If you look at RTL, there and it is made.
That's true but, it shouldn't be necessary to change the type of an index.  It is not justifiable that AnArray[int32] <> AnArray[int64] for the same index value still within the range of an int32.

The problem is that "array [0..0] of" is interpreted as array[cardinal] (or array[qword])
Unfortunately that is even true for "array[integer(0)..integer(0)]".

Again, it would be nice, if at least the latter would be treated different. (or both)

440bx

  • Hero Member
  • *****
  • Posts: 1089
Re: Likely incorrect 64bit code generation in FPC v3.0.4
« Reply #29 on: March 16, 2019, 04:22:44 am »
The problem is that "array [0..0] of" is interpreted as array[cardinal] (or array[qword])

That by itself is incorrect.  Zero (0) does not have a sign, it is neither positive nor negative.  No correctly implemented compiler can "decide" that zero is positive or negative.  That is simply totally incorrect.

Mathematically:
Quote
An integer is a whole number that can be either greater than 0, called positive, or less than 0, called negative. Zero is neither positive nor negative.

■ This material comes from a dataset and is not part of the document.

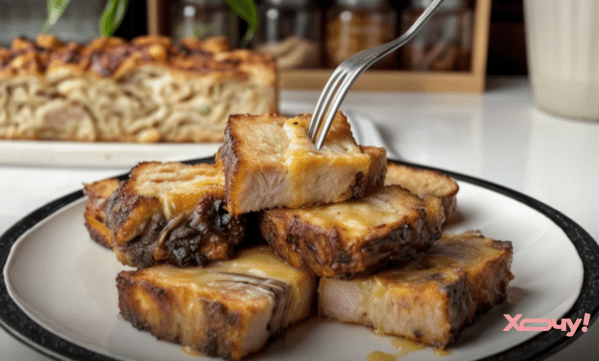 Выпекаем при 200 градусах ориентировочно час. После выпечки полностью охлаждаем. Нарезаем на кусочки, обжариваем и подаем.
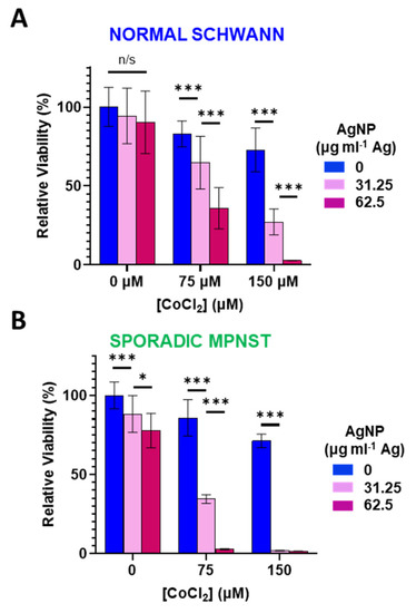 Cobalt chloride-induced hypoxic/oxidative stress sensitizes normal Schwann cells and sporadic NF1-wildtype MPNST to AgNP treatment. (A) Normal Schwann cells (iHSC1λ) or (B) sporadic NF1-wildtype MPNSTs (STS26T) were exposed to CoCl2 and AgNPs for 48 h, and viability was assessed by MTT. Data are shown ± SD and are representative of three independent experiments. Significance between treatments was determined by Student’s t-test (*** p < 0.005, * p < 0.05, n/s not significant).

To further aggravate matters, after FPC decides that zero (0) is positive, it forces a variable that has been declared as signed to be unsigned.  That is beyond incorrect. 

And to put a cherry on top of that moldy cake, it only forces the variable to be positive when compiling for 64bit and not for 32bit.

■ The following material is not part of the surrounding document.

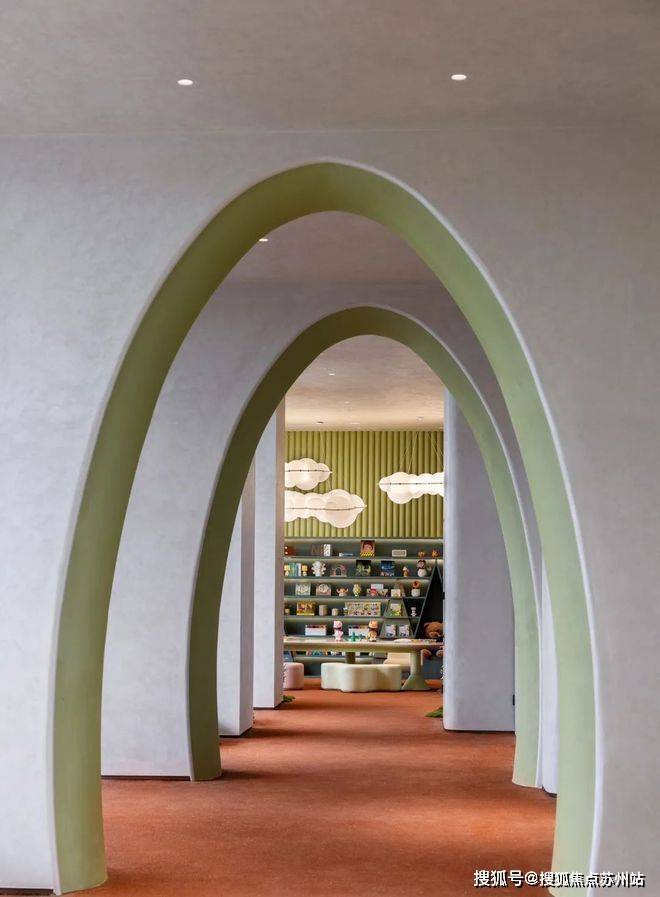 比如:考虑到之江这边的客群,家里大多都有即将或者正在上学的孩子,所以知海棠直接舍弃了一套可售房源来做超大童玩空间。整体面积超过480平米,还考虑不同年龄阶段孩童的需求来做规划,有大一点孩子更适合的树屋、滑滑梯;有更小一点孩子更需要的“四点半学堂”等等......甚至就连这块区域的“绿色”的主色系,地面的塑胶板材都是团队提前反复考量的。
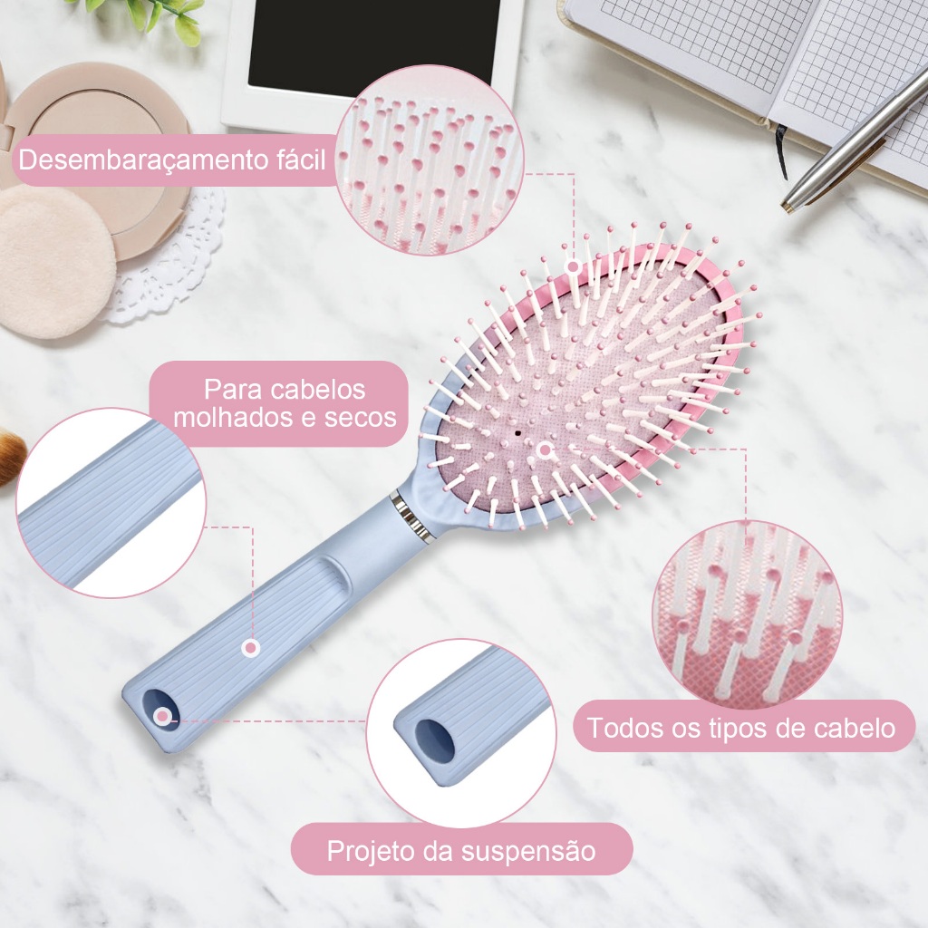 Escova Raquete Oval, Pentes de Massagem para O Couro Cabeludo com Almofada de Ar, Antiestáticos

Imagine if in an expression such as:
Code: Pascal  [Select]
  1. var ANumber : integer;
  2.   ...
  3.   ...
  4.   ANumber + 5;
  5.  
FPC decided to "convert" ANumber into an unsigned type because the constant 5 is positive.  THAT is effectively what FPC is doing when openly ignoring and overriding the declared type of the indexing variable.  As obviously ludicrous as doing something like that would be, it would actually have greater justification since, at least the numeral 5, unlike zero (0), is positive.

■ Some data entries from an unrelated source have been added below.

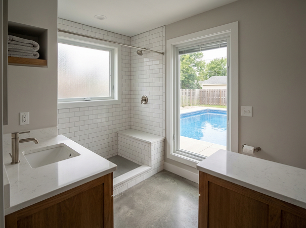Convenient poolside bathrooms designed to reduce trips inside, giving your family a more relaxed pool experience.
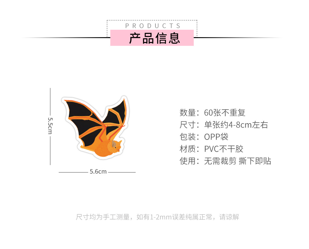 60 새로운 할로윈 박쥐 스티커 손 계정 스쿠터 노트북 문구 상자 방수 스티커 제조 업체 도매스토어 가기
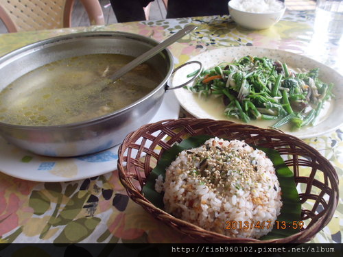 我們點了龍鬚菜,鮭魚拌飯,烤香魚,烤山豬肉及馬告雞湯,總計600元
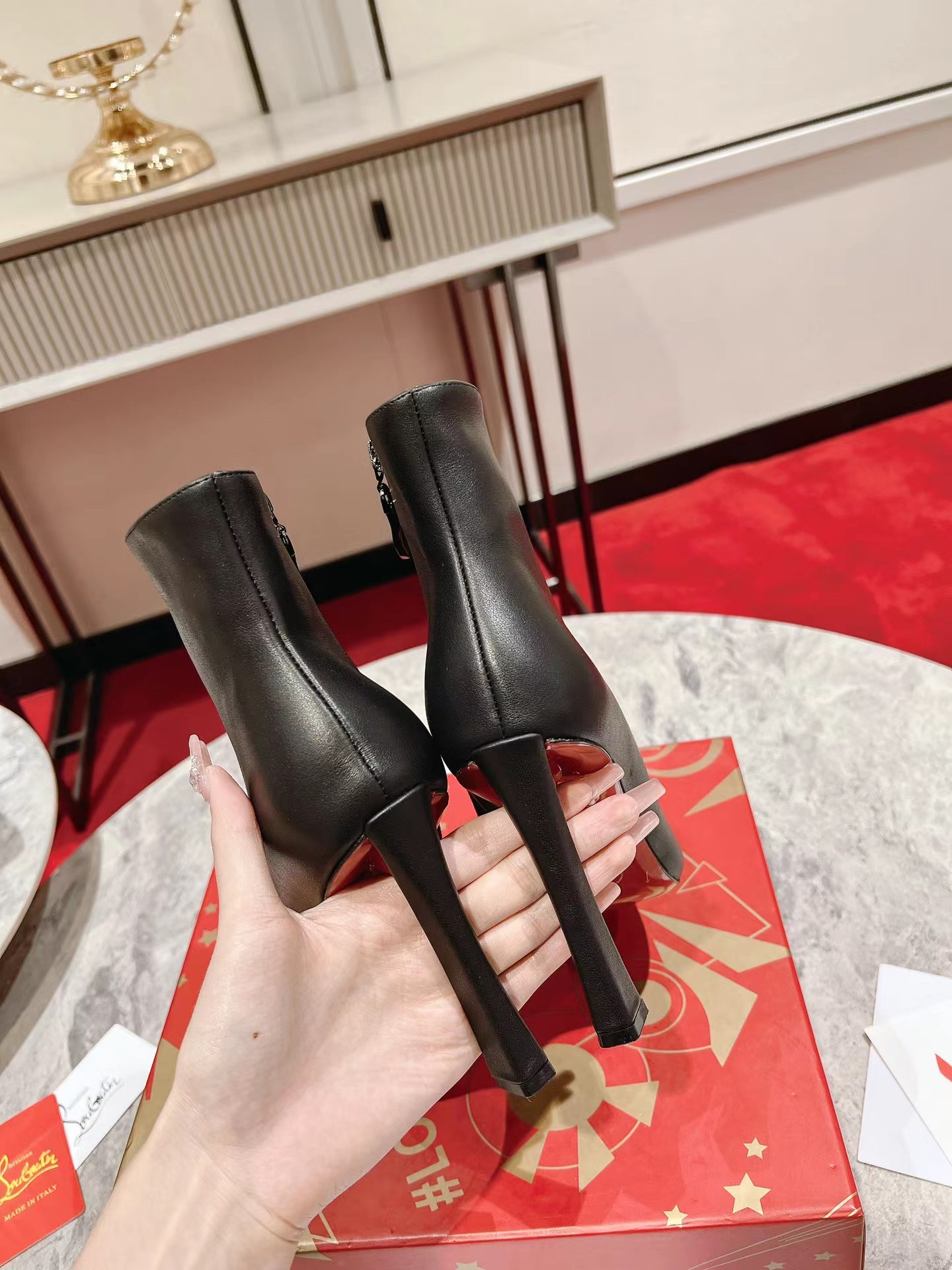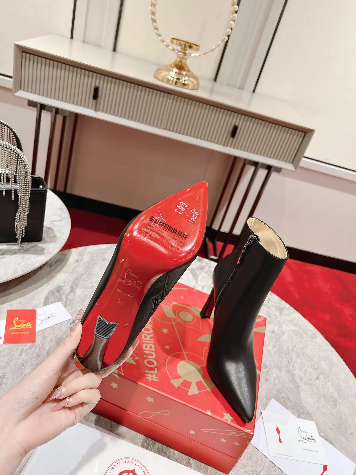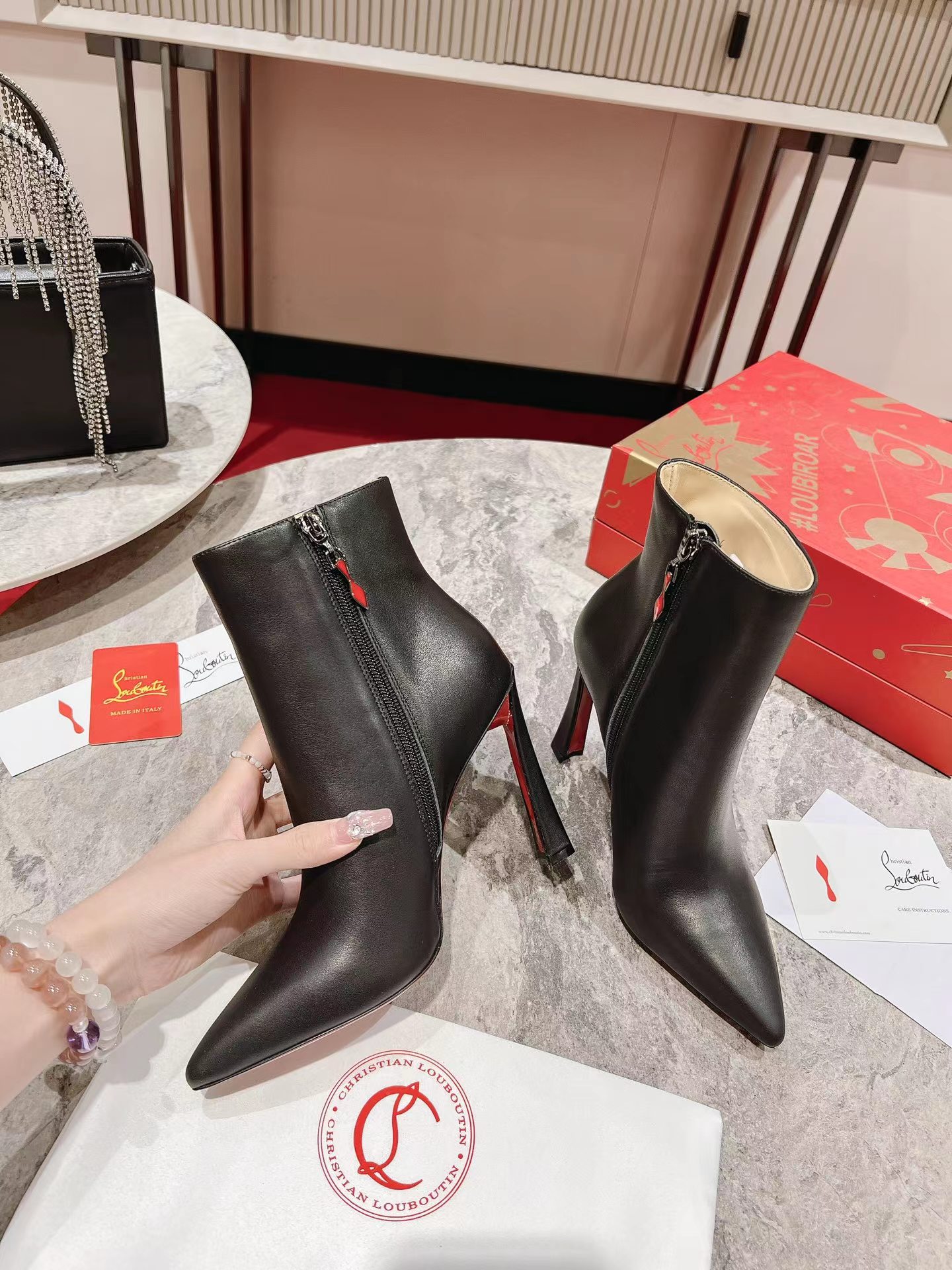 The sophisticated Condora Booty is an iconic shoe from Maison Christian Louboutin. Set on a 100 mm flared graphic plume heel, imbuing it with a modern yet contemporary allure and revealing the emblematic red sole. It is designed in premium black leather, fits the leg like a glove, and is embellished with an internal zip to elongate the silhouette. The pointed toe and delicate finishes enhance the model’s sleek and refined silhouette, making this an ideal match for any pants or skirt.

Again, it would be nice, if at least the latter would be treated different. (or both)
I have to agree, it would be rather nice if FPC did it correctly.  Unfortunately, it looks like neither "nice" nor correct is going to happen in this case.

It seems that, no matter how many different ways I explain why what FPC is doing is simply wrong, it is for naught. What does surprise me is that the majority of mainstream compilers do it correctly which should really clue the developers that their decision to make FPC behave the way it does is, putting it diplomatically, "probably" incorrect.

« Last Edit: March 16, 2019, 04:30:08 am by 440bx »
using FPC v3.0.4 and Lazarus 1.8.2 on Windows 7 64bit.